I swear Microsoft must have been aiming for “half price to be competitive” and then accidentally put the decimal point in the wrong place.
Let this sink in: they charge the price of a serviceable used car or a decent gaming PC to store 1 TB of text for a month!
GCP is clearly good if your use cases match their services. However, there are a lot of things that are sub-optimal.
IPv6 doesn't have non-premium networking. Premium networking is nice, but non-premium networking is less expensive.
Instances sometimes take more than 5 minutes to shutdown. A lot of things seem very slow like this. Really frustrating to use for testing when it takes so long to bring an environment up and to clean it afterwards.

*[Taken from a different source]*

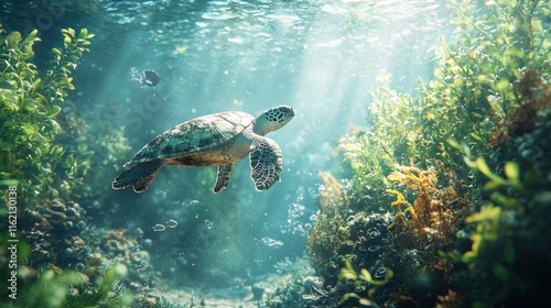 Obraz premium Sea Turtle Gracefully Swimming in Vibrant Coral Reef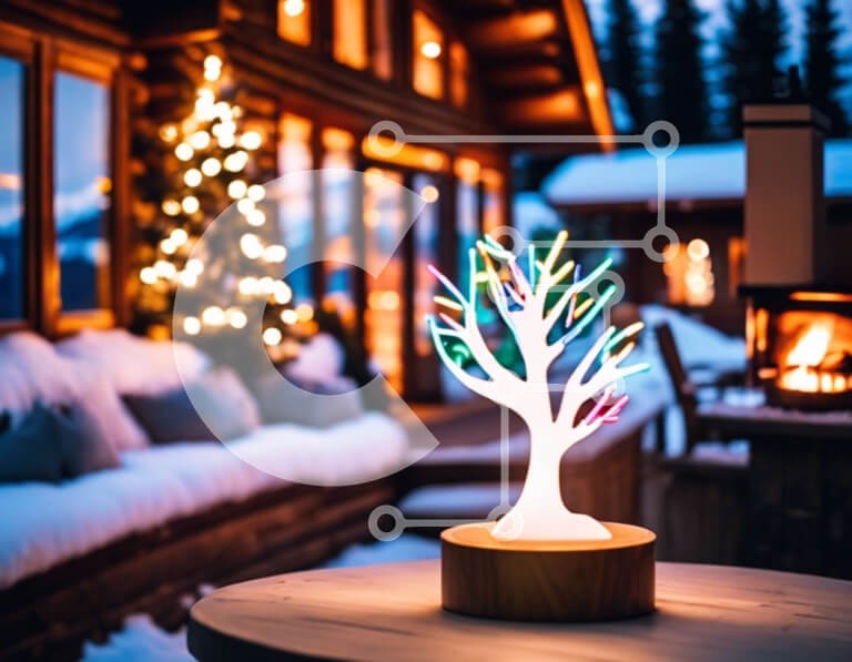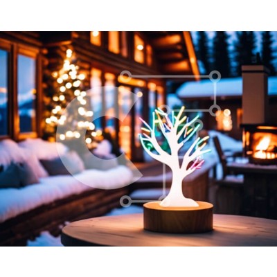 Υπάρχει δυνατότητα προσωποποίησης με δική σας φωτογραφία και προσαρμογής διαστάσεων κατόπιν παραγγελίας. Το συγεκεριμενο puzzle παρουσιαζει Αυτή η εικόνα παρουσιάζει μια λάμπα σε σχήμα δέντρου τοποθετημένη πάνω από ένα τραπέζι εξωτερικού χώρου σε ένα χιονισμένο περιβάλλον. Το φωτιστικό είναι διακοσμημένο με πολύχρωμα φώτα LED, παρέχοντας μια ζωντανή και εορταστική ατμόσφαιρα. Πολλές καρέκλες είναι τοποθετημένες γύ

Load balancing is hard to use outside of http style short connection use cases. There's no load feedback mechanism, and at small request rates, requests are severely unbalanced anyway. Managed instance groups can auto scale downwards, but connection drain is implemented as take it out of rotation and wait a configurable time and destroy the instance. If the instance drains faster, it won't be destroyed faster. If you want to drain for more than 60 minutes, that's too bad (this isn't that unreasonable, but while I'm ranting...)
Google's container optimized OS has documentation that tells you how to configure docker log retention... But then their container runner (konlet) forces their own log settings for the main container, so your settings are ignored.